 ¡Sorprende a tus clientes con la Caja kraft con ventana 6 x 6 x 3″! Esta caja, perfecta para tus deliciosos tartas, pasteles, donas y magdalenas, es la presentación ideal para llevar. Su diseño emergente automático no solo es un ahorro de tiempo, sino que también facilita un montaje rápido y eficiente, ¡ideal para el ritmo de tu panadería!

++++++++

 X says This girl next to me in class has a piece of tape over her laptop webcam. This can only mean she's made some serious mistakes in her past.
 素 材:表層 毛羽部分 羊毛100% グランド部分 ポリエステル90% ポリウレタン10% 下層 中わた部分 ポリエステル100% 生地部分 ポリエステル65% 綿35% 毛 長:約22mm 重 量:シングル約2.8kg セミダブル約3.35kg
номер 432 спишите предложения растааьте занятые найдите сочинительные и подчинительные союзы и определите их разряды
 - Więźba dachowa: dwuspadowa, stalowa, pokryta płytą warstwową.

++++++++

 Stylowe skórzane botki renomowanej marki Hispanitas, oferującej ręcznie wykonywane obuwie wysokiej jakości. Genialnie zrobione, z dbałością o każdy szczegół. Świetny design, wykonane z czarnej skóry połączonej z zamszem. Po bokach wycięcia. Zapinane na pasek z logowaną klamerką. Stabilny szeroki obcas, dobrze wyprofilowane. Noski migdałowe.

++++++++

--- TASK PROMPT ---
Could you reproduce exactly the lines of the entries above, from the one with "素 材:表層 毛羽部分" through the one with "- Więźba dachowa: dwuspadowa, stalowa, pokryta", and nothing else?

--- EXERCISE SOLUTION ---
 素 材:表層 毛羽部分 羊毛100% グランド部分 ポリエステル90% ポリウレタン10% 下層 中わた部分 ポリエステル100% 生地部分 ポリエステル65% 綿35% 毛 長:約22mm 重 量:シングル約2.8kg セミダブル約3.35kg
номер 432 спишите предложения растааьте занятые найдите сочинительные и подчинительные союзы и определите их разряды
 - Więźba dachowa: dwuspadowa, stalowa, pokryta płytą warstwową.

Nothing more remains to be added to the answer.